118 Scopus citations

Abstract

Novel composite materials composed of an oxygen ionic-conducting ceramic oxide and a molten carbonate phase have recently been reported to be the promising materials for the electrolyte of intermedaite temperature (500-700 °C) solid oxide fuel cell (ITSOFC) and the membrane for high temperature (>500 °C) CO2 separation. This work reviews the recent progresses of these composite materials as ITSOFCs electrolyte and CO2 permeation membrane and reports the latest results of our group. The composite materials, i.e., samarium-doped ceria (SDC)-Li/Na/K2CO3 (43.5/31.5/25 mol%) and SDC-Li/Na2CO3 (50/50 mol%), were prepared and tested as the electrolyte for SOFCs, respectively.
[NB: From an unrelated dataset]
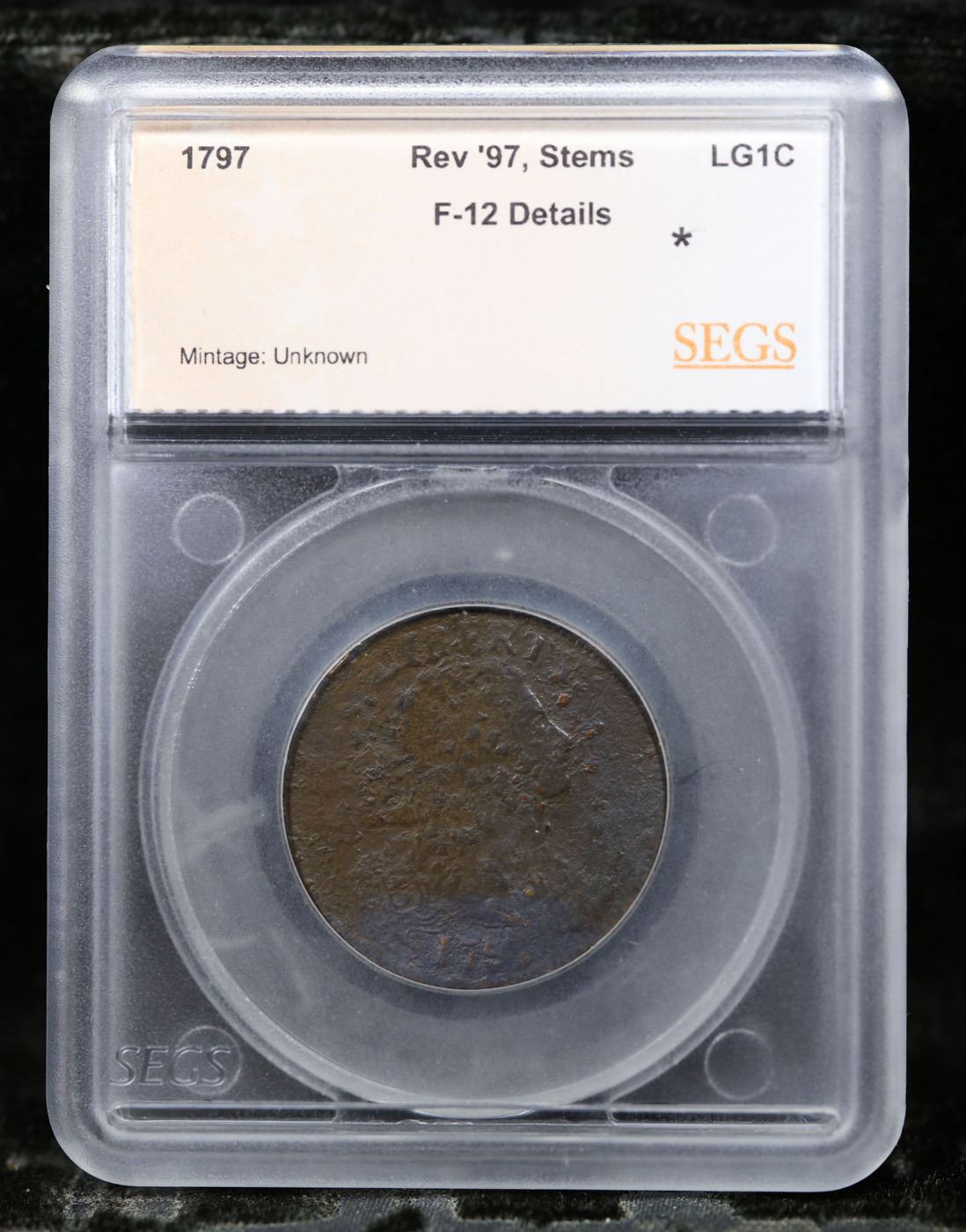 1797 Rev 97, Stems Draped Bust Large Cent 1c Grades f12 Details by SEGS.

The CO2 in the cathode gas enhances the power output. At 650 °C, and with CO2/O2 used as the cathode gas, the fuel cell with SDC-Li/Na2CO3 (50/50 mol%) electrolyte gives a power output 1700 mW cm-2 at a current density 3000 mA cm-2. Another composite material made of Bi1.5Y0.3Sm0.2O3/molten carbonate (Li/Na/K2CO3, 43.5/31.5/25 mol%) was synthesized and used for selective permeation of CO2 at 500-650 °C. The CO2 permeation flux for the dual-phase membrane increases with the increase of temperature and reaches a maximum value of 6.60 × 10-2 mL cm-2 min-1 at 650 °C, with apparent activation energy for CO2 permeation of 113.4 kJ mol-1. These results further demonstrate that the ionic-conducting ceramic/carbonate composite material is an alternative choice as the ITSOFCs electrolyte and high temperature CO2 separation membrane material. The ionic transfer mechanism is discussed.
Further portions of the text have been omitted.